For this exercise, write out only the lines of the entries below from the one with "道路中斷、信號中斷,河流上漲" up to and including the one with "Artistic Outlines of", exactly as they are. Pictures stay out.
----
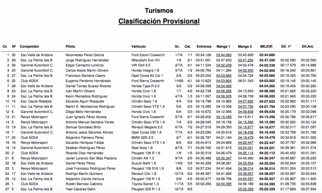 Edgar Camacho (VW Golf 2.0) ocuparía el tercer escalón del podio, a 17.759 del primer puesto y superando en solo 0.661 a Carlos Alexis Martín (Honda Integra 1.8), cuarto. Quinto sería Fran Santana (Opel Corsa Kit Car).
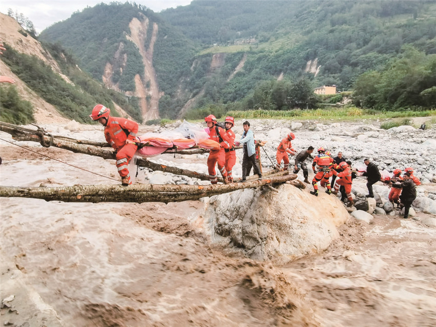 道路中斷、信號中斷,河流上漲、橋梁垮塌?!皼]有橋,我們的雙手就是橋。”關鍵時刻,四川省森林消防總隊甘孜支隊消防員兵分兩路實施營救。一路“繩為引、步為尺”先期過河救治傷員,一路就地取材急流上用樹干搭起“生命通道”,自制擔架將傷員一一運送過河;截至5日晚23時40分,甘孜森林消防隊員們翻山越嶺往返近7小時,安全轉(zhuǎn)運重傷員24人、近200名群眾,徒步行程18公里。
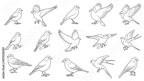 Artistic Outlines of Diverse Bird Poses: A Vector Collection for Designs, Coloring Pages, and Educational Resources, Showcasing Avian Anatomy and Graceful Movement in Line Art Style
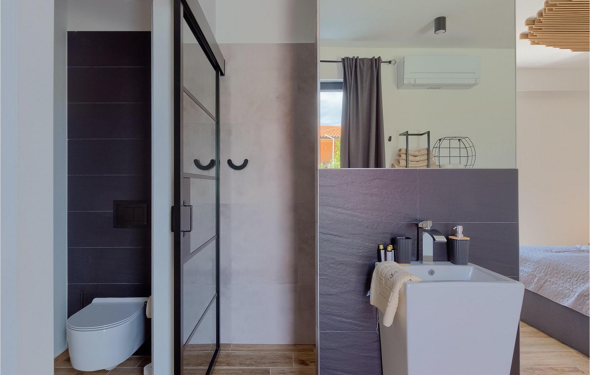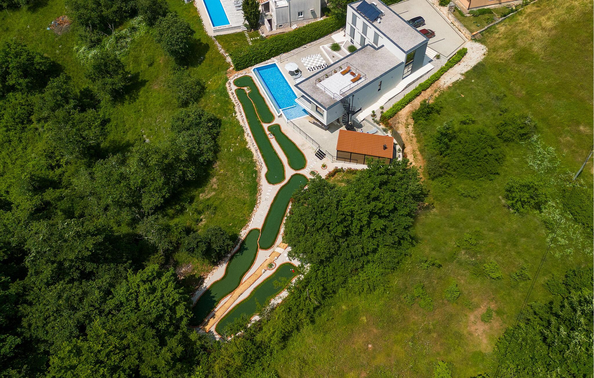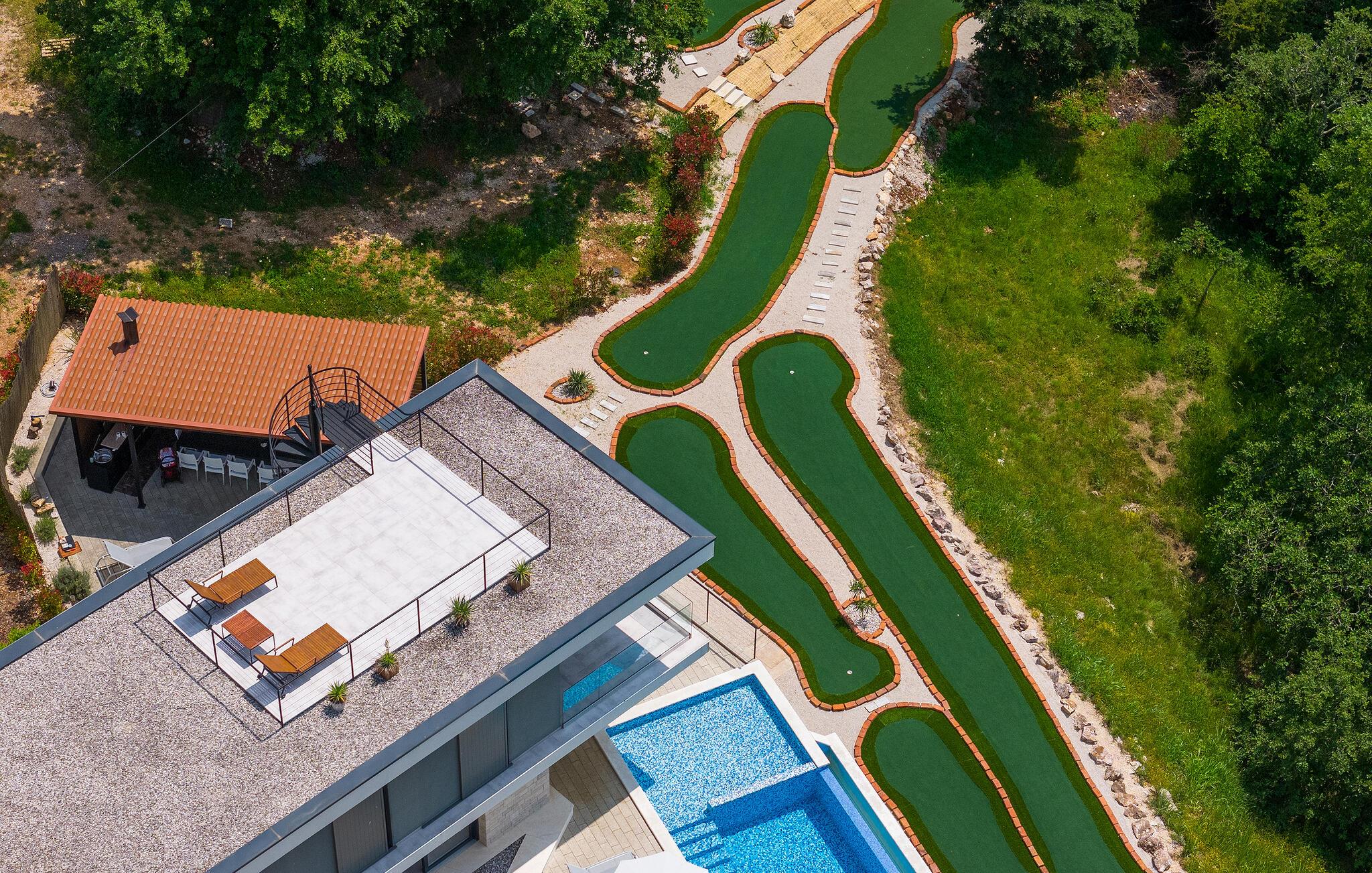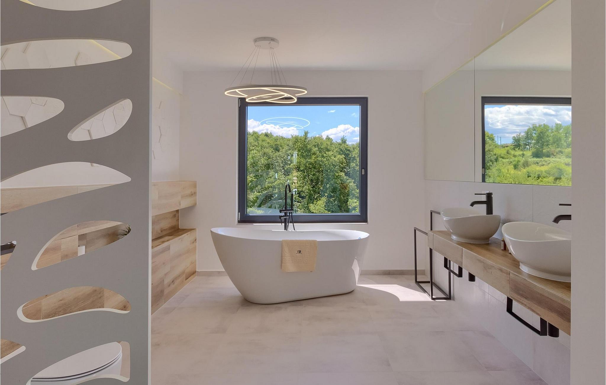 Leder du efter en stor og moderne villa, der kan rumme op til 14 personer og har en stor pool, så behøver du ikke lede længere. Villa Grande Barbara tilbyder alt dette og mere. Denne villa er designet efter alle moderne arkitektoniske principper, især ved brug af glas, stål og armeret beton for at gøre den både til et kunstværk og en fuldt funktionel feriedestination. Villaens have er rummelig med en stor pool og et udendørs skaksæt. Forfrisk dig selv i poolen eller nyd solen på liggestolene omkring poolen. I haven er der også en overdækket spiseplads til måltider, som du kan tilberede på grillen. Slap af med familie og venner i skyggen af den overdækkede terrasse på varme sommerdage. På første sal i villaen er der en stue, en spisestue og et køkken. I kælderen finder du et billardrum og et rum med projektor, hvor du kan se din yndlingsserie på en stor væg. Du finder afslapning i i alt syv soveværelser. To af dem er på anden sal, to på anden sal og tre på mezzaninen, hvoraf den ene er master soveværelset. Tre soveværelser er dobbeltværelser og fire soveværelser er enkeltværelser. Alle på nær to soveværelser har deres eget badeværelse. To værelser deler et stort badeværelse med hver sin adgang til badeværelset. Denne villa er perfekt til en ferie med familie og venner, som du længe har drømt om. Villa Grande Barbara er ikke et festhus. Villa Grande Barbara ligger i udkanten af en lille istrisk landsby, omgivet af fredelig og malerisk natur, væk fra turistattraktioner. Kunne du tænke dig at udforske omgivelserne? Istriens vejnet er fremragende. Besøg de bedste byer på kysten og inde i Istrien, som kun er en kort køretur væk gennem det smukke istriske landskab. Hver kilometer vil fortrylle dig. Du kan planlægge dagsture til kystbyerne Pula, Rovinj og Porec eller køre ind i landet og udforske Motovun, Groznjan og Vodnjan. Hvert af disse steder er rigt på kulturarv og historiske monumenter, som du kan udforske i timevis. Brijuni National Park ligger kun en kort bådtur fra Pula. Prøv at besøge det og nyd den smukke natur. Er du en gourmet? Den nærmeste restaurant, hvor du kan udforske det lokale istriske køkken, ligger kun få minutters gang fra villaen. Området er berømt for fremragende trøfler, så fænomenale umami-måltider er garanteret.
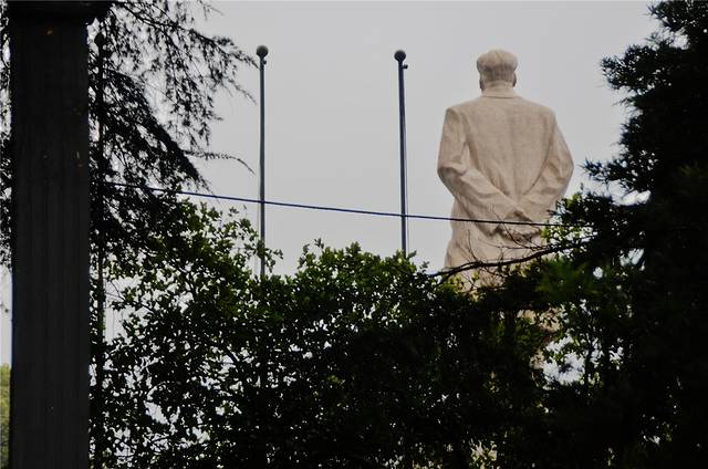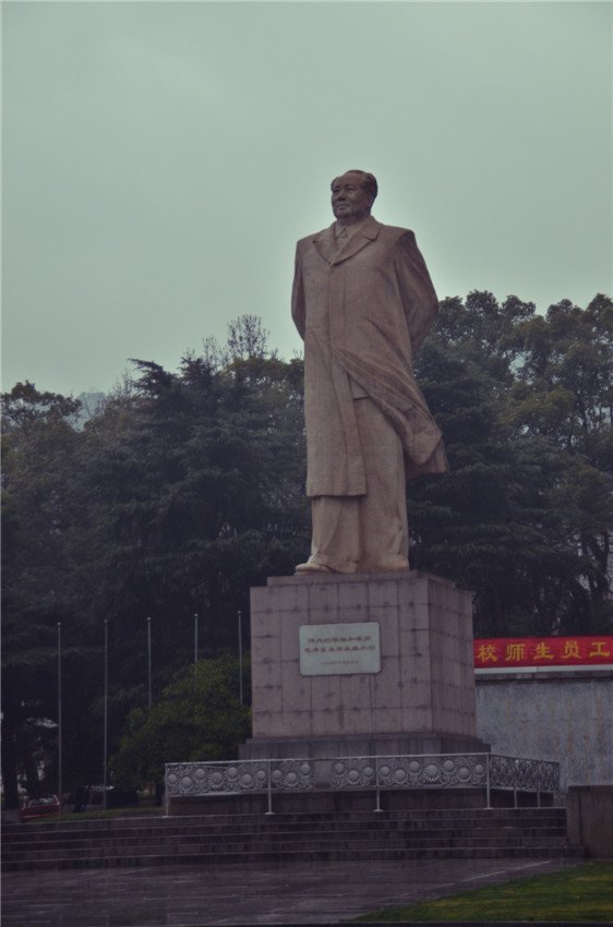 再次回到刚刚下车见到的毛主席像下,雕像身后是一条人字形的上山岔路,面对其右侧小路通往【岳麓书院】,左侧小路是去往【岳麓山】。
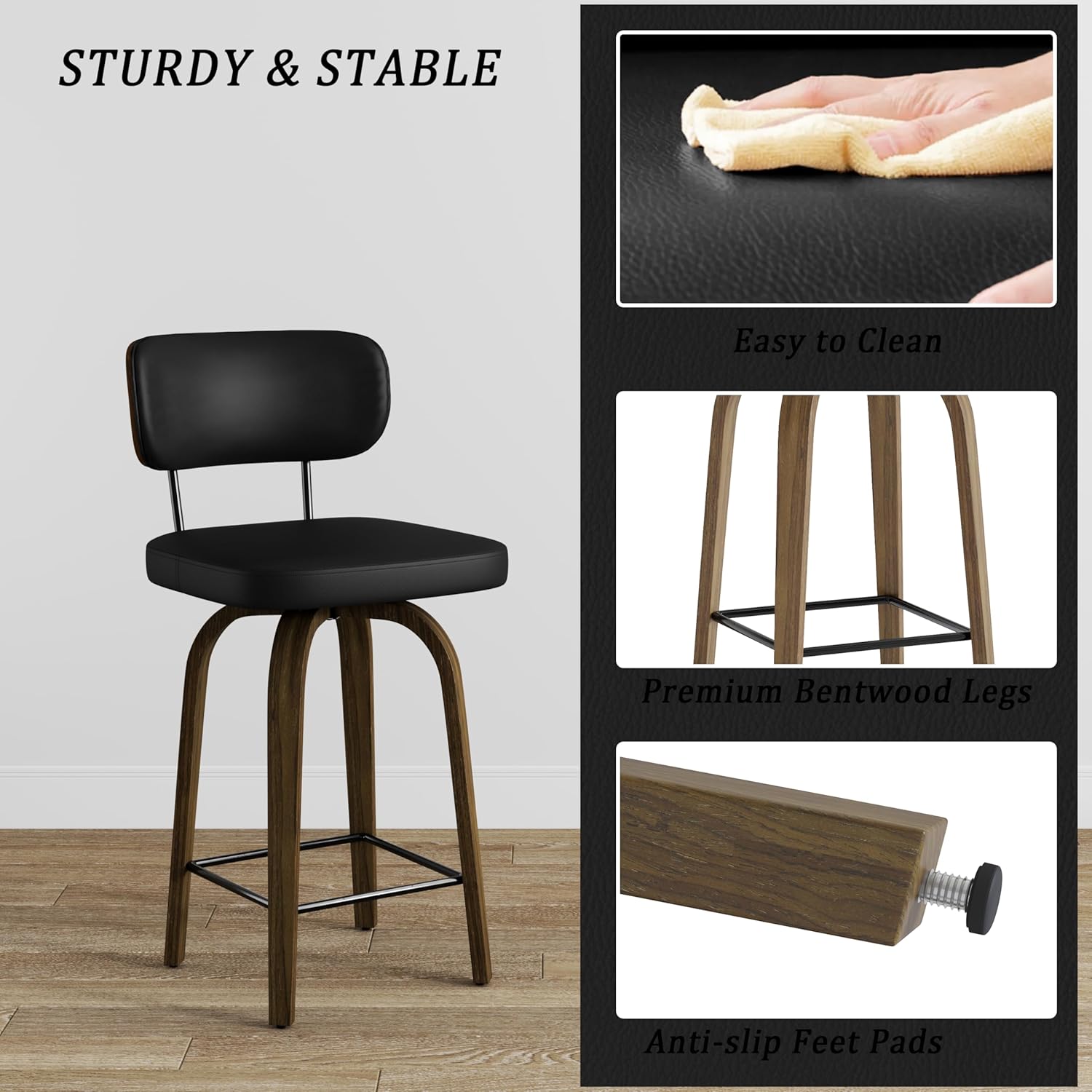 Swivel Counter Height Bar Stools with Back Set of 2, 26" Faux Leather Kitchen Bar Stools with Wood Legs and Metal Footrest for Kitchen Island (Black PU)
----
▶ _YOUR RESPONSE_:
 道路中斷、信號中斷,河流上漲、橋梁垮塌?!皼]有橋,我們的雙手就是橋。”關鍵時刻,四川省森林消防總隊甘孜支隊消防員兵分兩路實施營救。一路“繩為引、步為尺”先期過河救治傷員,一路就地取材急流上用樹干搭起“生命通道”,自制擔架將傷員一一運送過河;截至5日晚23時40分,甘孜森林消防隊員們翻山越嶺往返近7小時,安全轉(zhuǎn)運重傷員24人、近200名群眾,徒步行程18公里。
 Artistic Outlines of Diverse Bird Poses: A Vector Collection for Designs, Coloring Pages, and Educational Resources, Showcasing Avian Anatomy and Graceful Movement in Line Art Style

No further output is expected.